The listing that follows is to be repeated exactly.

= = = = =

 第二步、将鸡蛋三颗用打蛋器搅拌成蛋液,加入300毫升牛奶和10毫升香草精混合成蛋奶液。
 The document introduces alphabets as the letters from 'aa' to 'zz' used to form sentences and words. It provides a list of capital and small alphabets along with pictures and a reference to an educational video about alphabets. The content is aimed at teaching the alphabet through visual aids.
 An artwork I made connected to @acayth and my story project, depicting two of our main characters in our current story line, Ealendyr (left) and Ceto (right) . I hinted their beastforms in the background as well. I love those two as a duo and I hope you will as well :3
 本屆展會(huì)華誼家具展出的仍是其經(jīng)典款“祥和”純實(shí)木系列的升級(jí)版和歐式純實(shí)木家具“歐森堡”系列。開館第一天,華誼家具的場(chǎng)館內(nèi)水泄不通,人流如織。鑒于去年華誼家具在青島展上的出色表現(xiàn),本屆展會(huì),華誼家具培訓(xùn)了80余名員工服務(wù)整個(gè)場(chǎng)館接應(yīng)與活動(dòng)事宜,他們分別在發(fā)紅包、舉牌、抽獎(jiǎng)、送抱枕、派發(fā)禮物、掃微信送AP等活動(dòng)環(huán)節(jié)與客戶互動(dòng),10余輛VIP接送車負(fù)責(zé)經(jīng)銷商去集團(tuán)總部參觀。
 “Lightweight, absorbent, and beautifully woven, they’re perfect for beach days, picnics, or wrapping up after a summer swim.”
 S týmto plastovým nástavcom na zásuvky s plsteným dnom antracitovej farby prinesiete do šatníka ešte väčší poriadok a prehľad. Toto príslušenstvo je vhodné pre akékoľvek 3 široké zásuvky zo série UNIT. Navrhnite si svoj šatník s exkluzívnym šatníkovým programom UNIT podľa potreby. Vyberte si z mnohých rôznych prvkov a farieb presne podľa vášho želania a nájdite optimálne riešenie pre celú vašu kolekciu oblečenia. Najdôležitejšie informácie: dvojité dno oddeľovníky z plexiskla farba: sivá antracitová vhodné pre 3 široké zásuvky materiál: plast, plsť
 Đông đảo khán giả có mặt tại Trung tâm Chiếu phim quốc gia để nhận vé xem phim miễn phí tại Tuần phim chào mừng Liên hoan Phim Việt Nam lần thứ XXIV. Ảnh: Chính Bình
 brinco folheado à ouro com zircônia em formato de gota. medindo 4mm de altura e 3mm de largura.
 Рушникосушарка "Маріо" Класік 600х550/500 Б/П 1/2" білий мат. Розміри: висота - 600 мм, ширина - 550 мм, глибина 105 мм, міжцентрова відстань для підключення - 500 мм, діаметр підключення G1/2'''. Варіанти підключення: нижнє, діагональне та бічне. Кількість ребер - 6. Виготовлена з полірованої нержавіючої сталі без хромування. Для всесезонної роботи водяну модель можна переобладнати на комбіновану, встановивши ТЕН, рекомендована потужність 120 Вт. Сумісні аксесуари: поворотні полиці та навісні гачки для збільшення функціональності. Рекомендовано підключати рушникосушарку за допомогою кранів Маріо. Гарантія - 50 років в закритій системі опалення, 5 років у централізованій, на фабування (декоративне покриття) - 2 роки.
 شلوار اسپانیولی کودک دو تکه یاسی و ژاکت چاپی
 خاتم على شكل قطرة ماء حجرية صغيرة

= = = = =

> [Final answer]
 第二步、将鸡蛋三颗用打蛋器搅拌成蛋液,加入300毫升牛奶和10毫升香草精混合成蛋奶液。
 The document introduces alphabets as the letters from 'aa' to 'zz' used to form sentences and words. It provides a list of capital and small alphabets along with pictures and a reference to an educational video about alphabets. The content is aimed at teaching the alphabet through visual aids.
 An artwork I made connected to @acayth and my story project, depicting two of our main characters in our current story line, Ealendyr (left) and Ceto (right) . I hinted their beastforms in the background as well. I love those two as a duo and I hope you will as well :3
 本屆展會(huì)華誼家具展出的仍是其經(jīng)典款“祥和”純實(shí)木系列的升級(jí)版和歐式純實(shí)木家具“歐森堡”系列。開館第一天,華誼家具的場(chǎng)館內(nèi)水泄不通,人流如織。鑒于去年華誼家具在青島展上的出色表現(xiàn),本屆展會(huì),華誼家具培訓(xùn)了80余名員工服務(wù)整個(gè)場(chǎng)館接應(yīng)與活動(dòng)事宜,他們分別在發(fā)紅包、舉牌、抽獎(jiǎng)、送抱枕、派發(fā)禮物、掃微信送AP等活動(dòng)環(huán)節(jié)與客戶互動(dòng),10余輛VIP接送車負(fù)責(zé)經(jīng)銷商去集團(tuán)總部參觀。
 “Lightweight, absorbent, and beautifully woven, they’re perfect for beach days, picnics, or wrapping up after a summer swim.”
 S týmto plastovým nástavcom na zásuvky s plsteným dnom antracitovej farby prinesiete do šatníka ešte väčší poriadok a prehľad. Toto príslušenstvo je vhodné pre akékoľvek 3 široké zásuvky zo série UNIT. Navrhnite si svoj šatník s exkluzívnym šatníkovým programom UNIT podľa potreby. Vyberte si z mnohých rôznych prvkov a farieb presne podľa vášho želania a nájdite optimálne riešenie pre celú vašu kolekciu oblečenia. Najdôležitejšie informácie: dvojité dno oddeľovníky z plexiskla farba: sivá antracitová vhodné pre 3 široké zásuvky materiál: plast, plsť
 Đông đảo khán giả có mặt tại Trung tâm Chiếu phim quốc gia để nhận vé xem phim miễn phí tại Tuần phim chào mừng Liên hoan Phim Việt Nam lần thứ XXIV. Ảnh: Chính Bình
 brinco folheado à ouro com zircônia em formato de gota. medindo 4mm de altura e 3mm de largura.
 Рушникосушарка "Маріо" Класік 600х550/500 Б/П 1/2" білий мат. Розміри: висота - 600 мм, ширина - 550 мм, глибина 105 мм, міжцентрова відстань для підключення - 500 мм, діаметр підключення G1/2'''. Варіанти підключення: нижнє, діагональне та бічне. Кількість ребер - 6. Виготовлена з полірованої нержавіючої сталі без хромування. Для всесезонної роботи водяну модель можна переобладнати на комбіновану, встановивши ТЕН, рекомендована потужність 120 Вт. Сумісні аксесуари: поворотні полиці та навісні гачки для збільшення функціональності. Рекомендовано підключати рушникосушарку за допомогою кранів Маріо. Гарантія - 50 років в закритій системі опалення, 5 років у централізованій, на фабування (декоративне покриття) - 2 роки.
 شلوار اسپانیولی کودک دو تکه یاسی و ژاکت چاپی
 خاتم على شكل قطرة ماء حجرية صغيرة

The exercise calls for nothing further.